PROBLEM TO SOLVE: Write out exactly the lines from the one containing "- 阿拉尔CCC认证公司名录:权威解读与推荐" through the last line of the records below, both included, and leave out any pictures.

Stored records

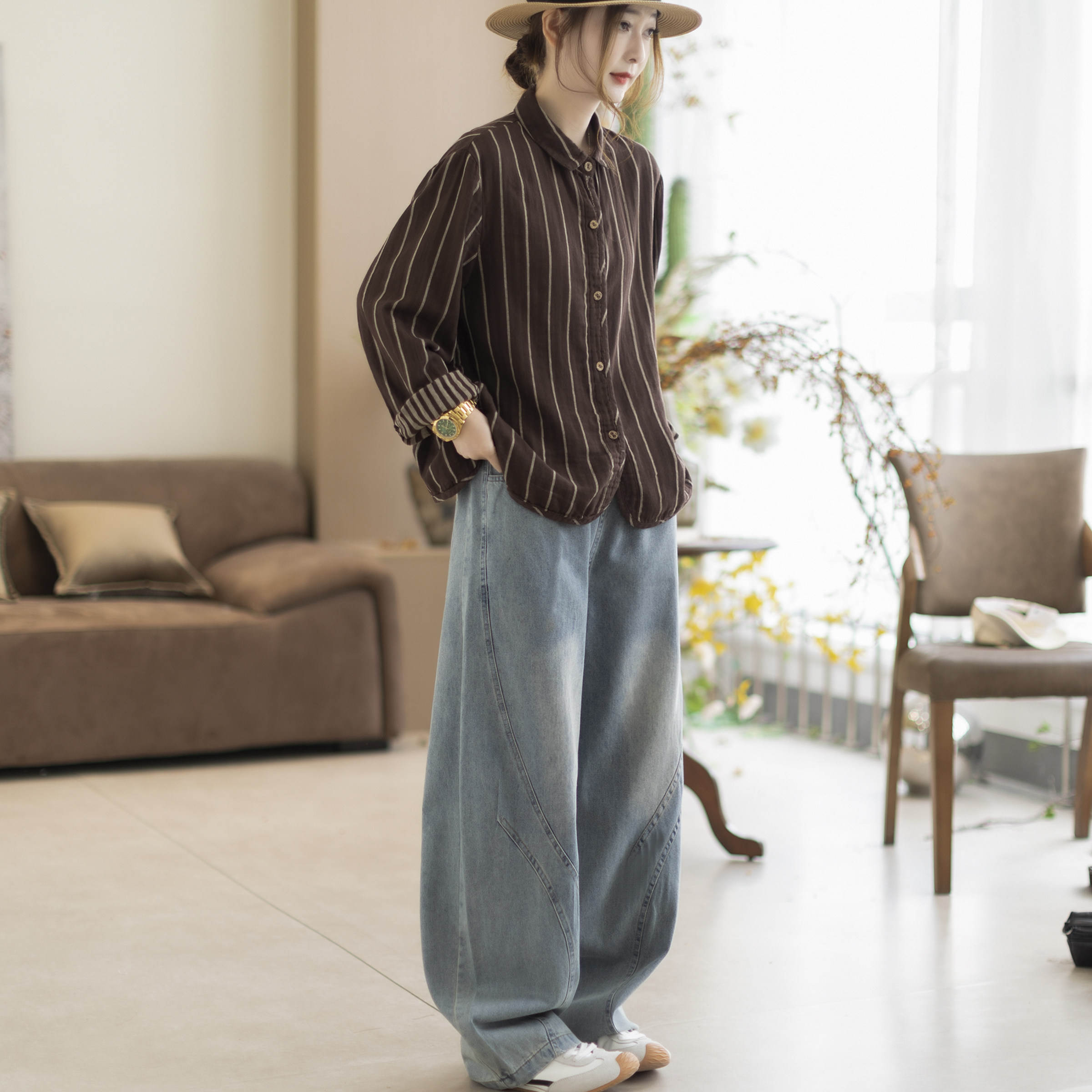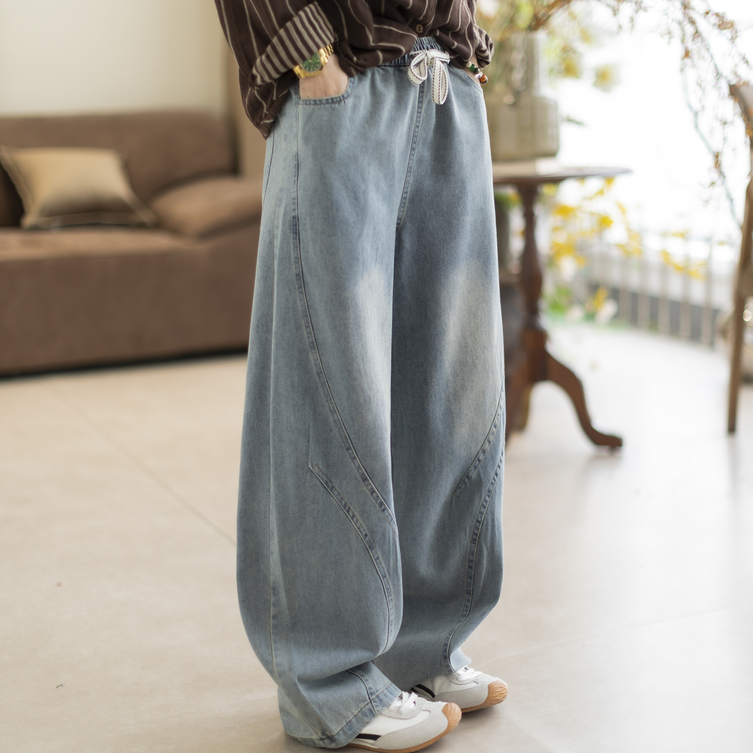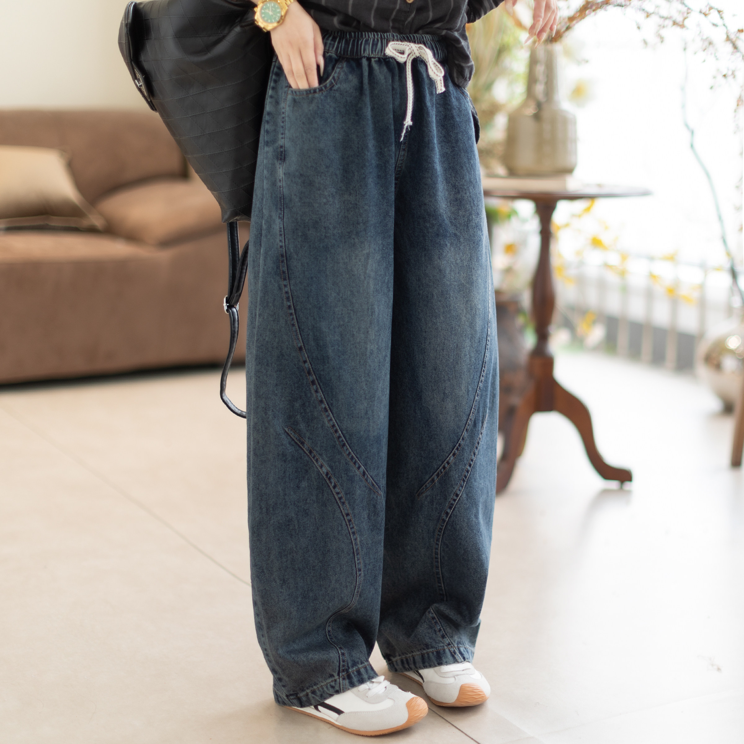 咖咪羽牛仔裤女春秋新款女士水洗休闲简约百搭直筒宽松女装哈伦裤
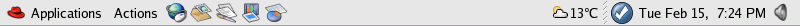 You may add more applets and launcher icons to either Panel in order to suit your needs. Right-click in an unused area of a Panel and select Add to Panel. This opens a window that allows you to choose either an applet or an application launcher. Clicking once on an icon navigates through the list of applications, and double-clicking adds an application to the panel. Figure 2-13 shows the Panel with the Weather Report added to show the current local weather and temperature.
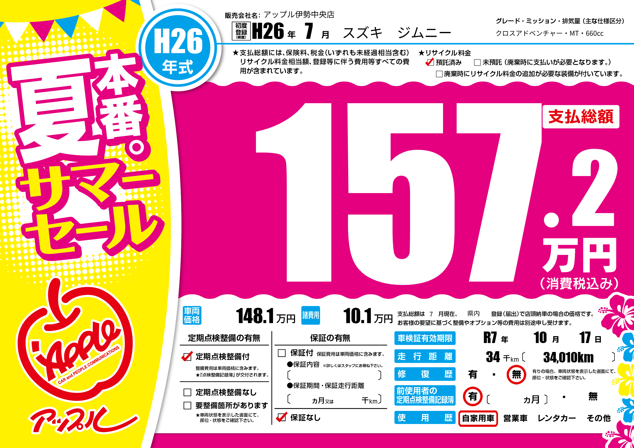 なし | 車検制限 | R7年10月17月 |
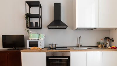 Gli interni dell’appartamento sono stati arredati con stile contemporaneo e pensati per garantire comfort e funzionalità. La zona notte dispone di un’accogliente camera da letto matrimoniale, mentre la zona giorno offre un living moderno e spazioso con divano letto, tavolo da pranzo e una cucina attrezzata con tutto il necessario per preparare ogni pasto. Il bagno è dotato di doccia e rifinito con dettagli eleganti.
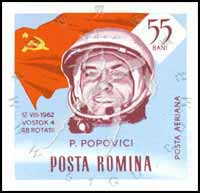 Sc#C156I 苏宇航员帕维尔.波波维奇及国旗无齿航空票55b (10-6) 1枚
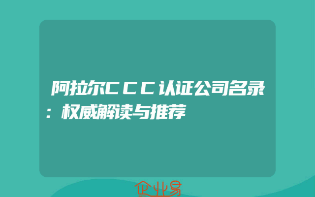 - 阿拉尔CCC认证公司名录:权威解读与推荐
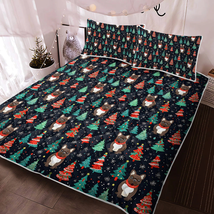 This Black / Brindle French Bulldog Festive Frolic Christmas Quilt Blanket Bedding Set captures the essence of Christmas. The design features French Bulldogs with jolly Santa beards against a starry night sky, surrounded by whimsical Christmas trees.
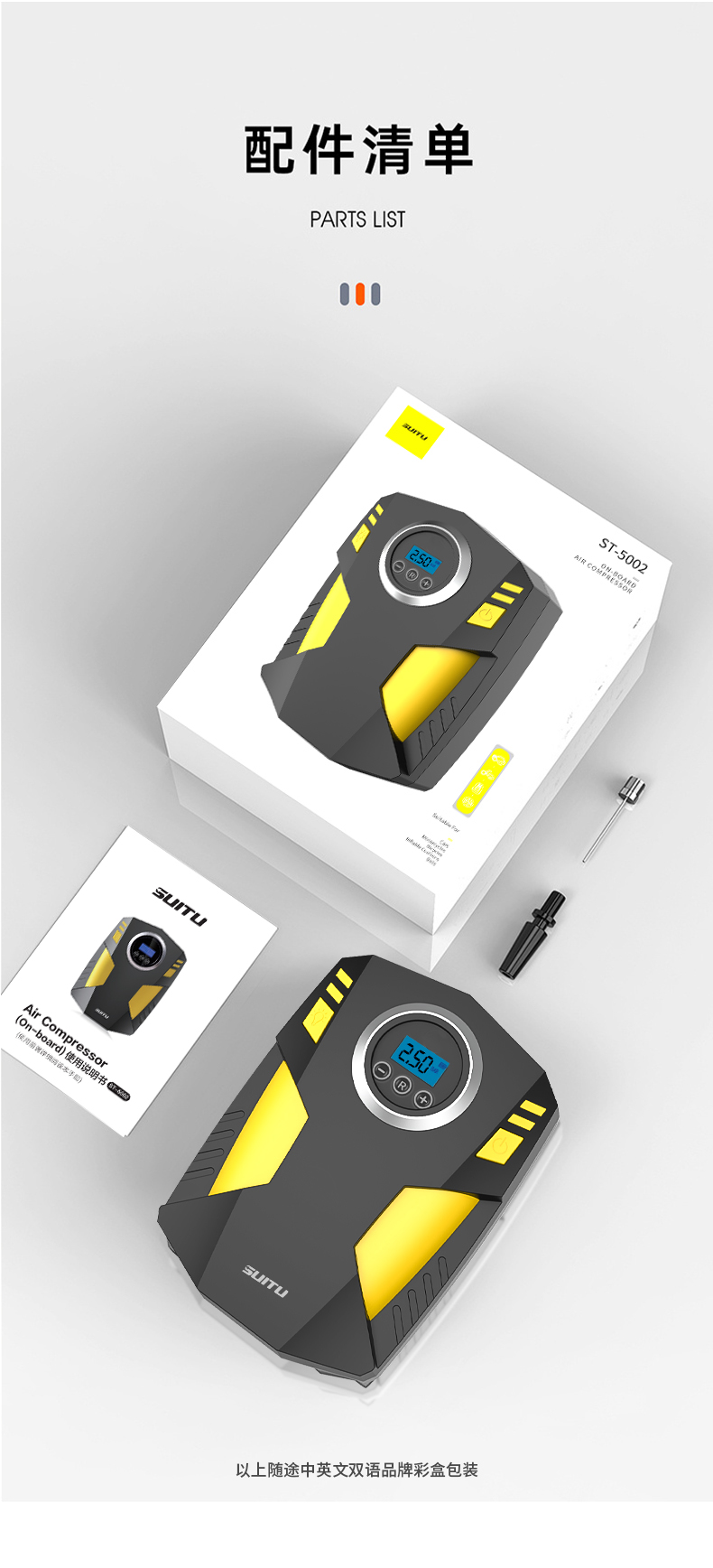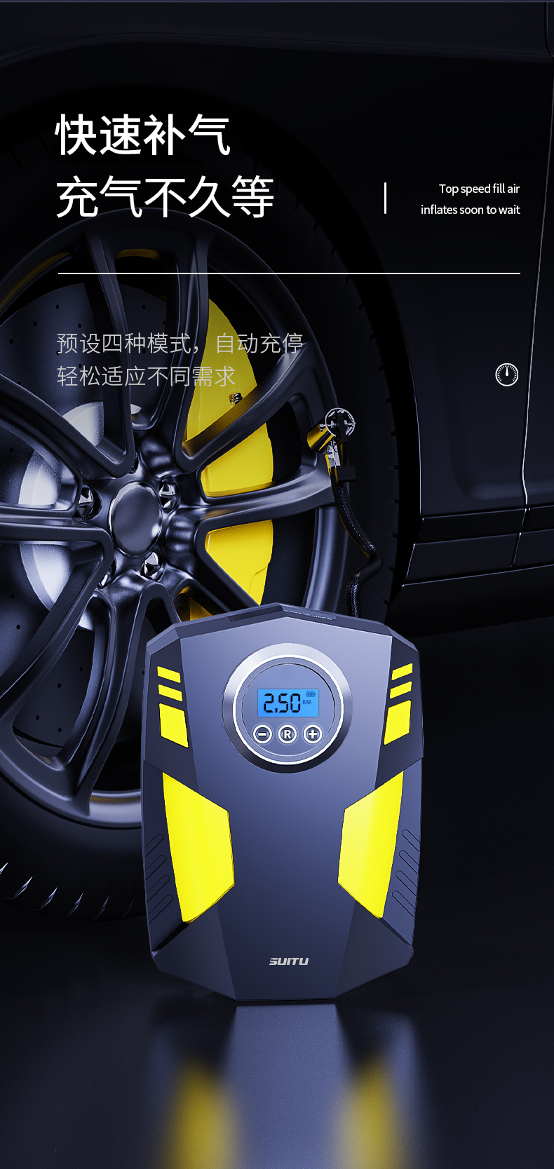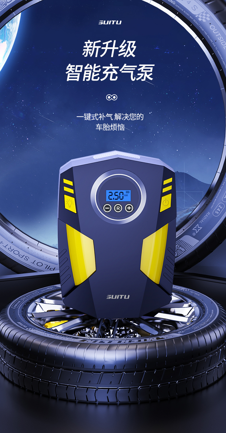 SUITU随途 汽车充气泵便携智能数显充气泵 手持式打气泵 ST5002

EXPECTED ANSWER:
 - 阿拉尔CCC认证公司名录:权威解读与推荐
 This Black / Brindle French Bulldog Festive Frolic Christmas Quilt Blanket Bedding Set captures the essence of Christmas. The design features French Bulldogs with jolly Santa beards against a starry night sky, surrounded by whimsical Christmas trees.
 SUITU随途 汽车充气泵便携智能数显充气泵 手持式打气泵 ST5002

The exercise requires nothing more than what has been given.